Non mi sono lasciata sopraffare dallo sconforto per il lavoro che non so se e come riprenderà. Sarà che in vita mia ho già perso quasi tutto più volte e sono ancora qui a raccontarla. Non mi sono lasciata andare alla tristezza perché, diciamocelo, al di là di sporadici incontri sotto casa mentre portavo il cane e qualche video chiamata da Skype io sono chiusa qui da più o meno tre settimane sola col mio cane e il gatto.

Ho iniziato spegnendo quasi tutto. Radio, tv e social in parte. Ho ascoltato il silenzio e le sirene intorno. Ho pensato alle persone che conosco che lavorano in ospedale e nei supermercati e ho provato gratitudine e "compassione" per chi questo momento lo sta vivendo peggio di me. So che stanno facendo quello che devono fare pur avendo paura ed essendo stanchi.
Ho cercato di non fare acquisti on line se non strettamente necessari, perché d'accordo che in questo momento i negozi sono chiusi per la maggior parte, ma pure i corrieri rischiano di brutto e non mi piace l'idea di farli rischiare perché io, a casa, ho voglia di un cuscino da arredamento. Quando sarà tutto più facile per tutti, sarà il momento di pensare ad abbellire la casa, che nel frattempo ho approfittato per sistemare meglio - cosa che rimandavo da tempo. Di tutte le notizie che mi sono arrivate, ho controllato se fossero attendibili e, nel dubbio che non lo fossero non le ho condivise. Già ci vogliono spaventati e disposti a fare qualsiasi cosa pur di salvarci, se devo proprio condividere qualcosa, che almeno sia utile a migliorare.
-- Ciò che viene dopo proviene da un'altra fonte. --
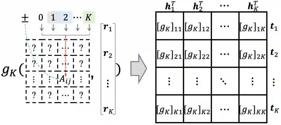为了适应不同知识图谱中的不同语义模式,AutoBLM基于双线性模型,构建了统一的搜索空间,如图4所示,是一个跟关系嵌入相关的方阵,其表达形式由结构矩阵决定,而评分函数之间的区别就在于结构的不同。这样的搜索空间可以有效覆盖已知的双线性模型,同时有能力探索新颖的、未被尝试的模型。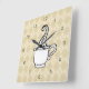 Le Jacquard beige et la tasse de café vapeur donnent à cette horloge murale un style rétro. Le design est issu de l'art original.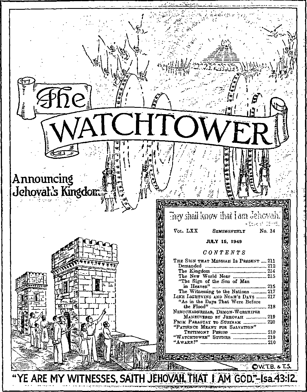 Week of September 4: “The Sign that Messiah Is Present,” fl 20-32 inclusive, also “I.ike Lightning and Noah’s Days,” fl 1-11 inclusive, The Watchtower July 15, 1949.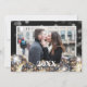 Tarjeta horizontal de Año Nuevo Feliz de Oro y Negro. Celebre el nuevo año con estilo con este diseño de moda negro y dorado con una audaz bola de disco en el centro superior del frente. "Feliz Año Nuevo" está escrito en una mezcla de fuentes séricas doradas y blancas, con espacio debajo para personalizar con un nombre o nombres. El fondo negro aporta un toque moderno y elegante sin ningún purpurina, solo un color audaz para un look pulido. En la parte trasera, el mismo diseño de discoteca festivo continúa, con espacio para una foto y una cita del año. Todos los textos y colores son totalmente personalizables, lo que hace de esta una gran elección para enviar deseos de Año Nuevo a amigos, familiares o colegas.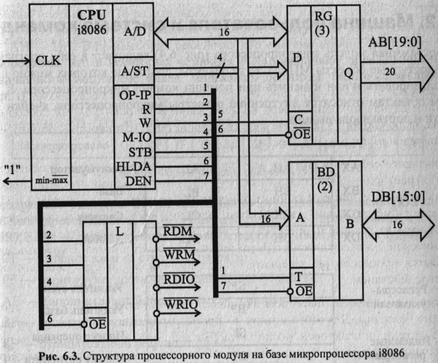 Микропроцессор i8086 реализован по n-МДП-технологии, и его выходные каскады не обеспечивают достаточной нагрузочной способности для линий системного интерфейса. Поэтому к выходным линиям микропроцессора обычно подключают буферные схемы BD, реализованные по технологии ТТЛ. Кроме того, шины адреса и данных в i8086 мультиплексированы. Адрес удерживается на выводах микропроцессора только в течение одного такта машинного цикла, а использоваться должен весь МЦ. Поэтому адрес необходимо запомнить в специальных внешних регистрах-защелках RG (которые, кстати, играют и роль буферной схемы шины адреса).

Ho ascoltato tutte le voci. Non credo assolutamente nel complotto, credo che in parte stiano scaricando a noi il barile delle responsabilità di un'economia volta solo ai guadagni di alcuni e credo anche che non impareremo a essere responsabili nonostante tutto il disastro che saremo chiamati ad affrontare. Però credo che lasciarsi sopraffare dalle emozioni sia la cosa peggiore da fare. Non mi interessa che il numero dei morti sia più alto o più basso di una normale influenza, non è mai stato questo il punto, soprattutto vista la condizione in cui lavorano medici e infermieri (il cui contratto nazionale è fermo da chissà quanti anni eppure sono lì, per noi). Il punto è che a forza di cercare qualcuno - "altro", "forte", "deciso" o "di successo" che fosse - che gestisse per noi le cose in modo da toglierci oneri e doveri, abbiamo lasciato il nostro mondo in mano a chi ci ha mangiati vivi per anni. Il punto è che stiamo pagando ora la scelta di adeguarci al meno peggio, il punto è che abbiamo smesso di imparare e ci siamo abituati a leggere i titoli e non gli articoli, che abbiamo smesso di scegliere. Ed è questa la cosa peggiore.

Io so che non è facile e che non sarà facile affatto, ma ho scelto di non avere paura o, almeno, di non lasciarle tanto spazio nella mia vita. So che ci saranno cose cui dovrò rinunciare. So che voglio vivere questo cambiamento in modo che mi faccia crescere.